**Exercise objective:**
In the entries below, begin at the line that has "ob真人竞猜副校长李和章,基" and stop after the line that has "10bp Ladder is"; output those lines exactly, leaving out pictures.

**Exercise materials:**
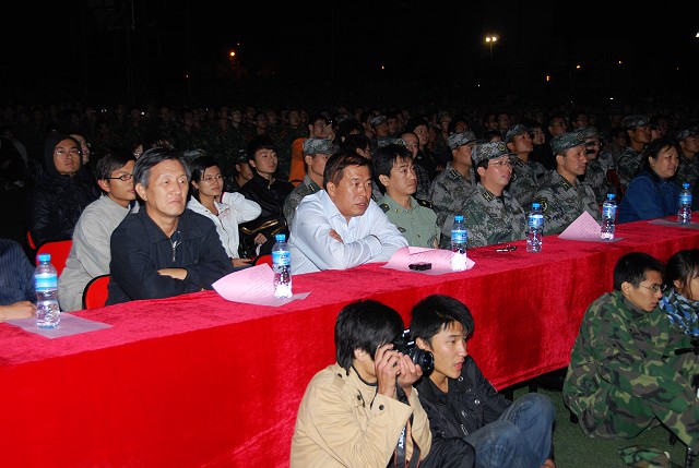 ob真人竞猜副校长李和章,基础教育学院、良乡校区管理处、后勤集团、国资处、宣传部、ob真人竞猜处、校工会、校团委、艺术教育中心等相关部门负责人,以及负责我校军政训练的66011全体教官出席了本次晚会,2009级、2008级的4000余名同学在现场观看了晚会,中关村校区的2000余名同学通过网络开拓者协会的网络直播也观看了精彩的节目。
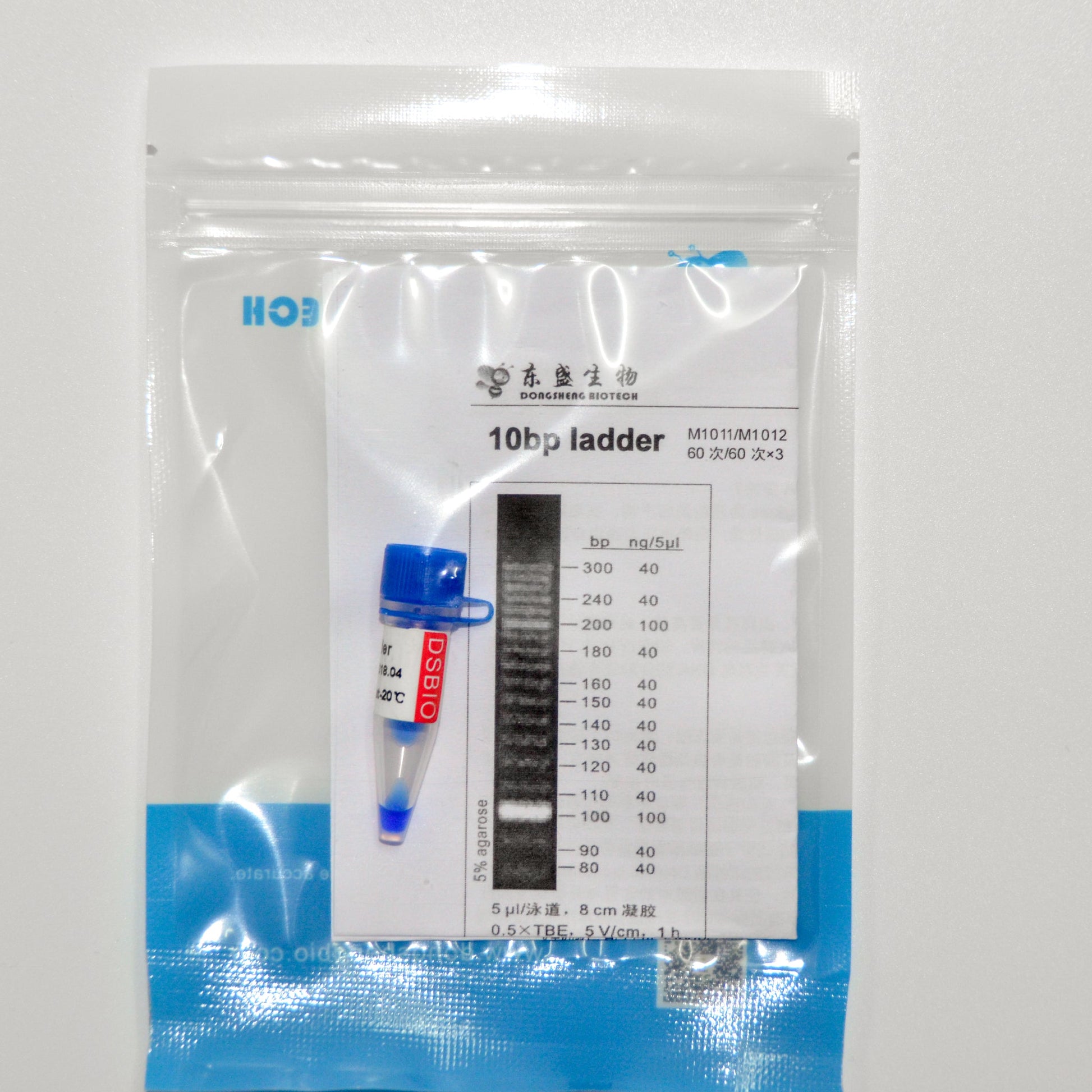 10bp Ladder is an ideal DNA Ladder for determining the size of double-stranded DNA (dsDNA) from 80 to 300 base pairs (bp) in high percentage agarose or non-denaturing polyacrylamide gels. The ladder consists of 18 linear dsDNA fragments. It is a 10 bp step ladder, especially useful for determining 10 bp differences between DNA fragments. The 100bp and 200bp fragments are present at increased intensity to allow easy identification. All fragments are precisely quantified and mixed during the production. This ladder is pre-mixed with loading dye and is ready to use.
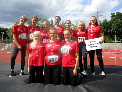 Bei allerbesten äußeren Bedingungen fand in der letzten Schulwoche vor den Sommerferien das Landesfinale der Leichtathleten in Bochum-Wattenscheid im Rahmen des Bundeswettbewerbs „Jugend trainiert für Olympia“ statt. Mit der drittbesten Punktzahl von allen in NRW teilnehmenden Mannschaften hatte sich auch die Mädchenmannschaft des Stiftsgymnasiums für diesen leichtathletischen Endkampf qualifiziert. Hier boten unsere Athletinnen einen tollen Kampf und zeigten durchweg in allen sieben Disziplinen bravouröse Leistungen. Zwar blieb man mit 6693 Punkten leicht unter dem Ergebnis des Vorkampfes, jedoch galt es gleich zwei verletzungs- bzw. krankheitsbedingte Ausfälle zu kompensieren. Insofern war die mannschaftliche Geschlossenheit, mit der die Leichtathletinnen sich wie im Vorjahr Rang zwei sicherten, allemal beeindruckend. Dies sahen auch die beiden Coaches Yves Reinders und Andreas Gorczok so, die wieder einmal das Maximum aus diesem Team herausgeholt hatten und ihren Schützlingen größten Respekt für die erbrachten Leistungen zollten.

---

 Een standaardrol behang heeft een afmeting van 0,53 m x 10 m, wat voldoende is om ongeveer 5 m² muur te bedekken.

**Written reply:**
 ob真人竞猜副校长李和章,基础教育学院、良乡校区管理处、后勤集团、国资处、宣传部、ob真人竞猜处、校工会、校团委、艺术教育中心等相关部门负责人,以及负责我校军政训练的66011全体教官出席了本次晚会,2009级、2008级的4000余名同学在现场观看了晚会,中关村校区的2000余名同学通过网络开拓者协会的网络直播也观看了精彩的节目。
 10bp Ladder is an ideal DNA Ladder for determining the size of double-stranded DNA (dsDNA) from 80 to 300 base pairs (bp) in high percentage agarose or non-denaturing polyacrylamide gels. The ladder consists of 18 linear dsDNA fragments. It is a 10 bp step ladder, especially useful for determining 10 bp differences between DNA fragments. The 100bp and 200bp fragments are present at increased intensity to allow easy identification. All fragments are precisely quantified and mixed during the production. This ladder is pre-mixed with loading dye and is ready to use.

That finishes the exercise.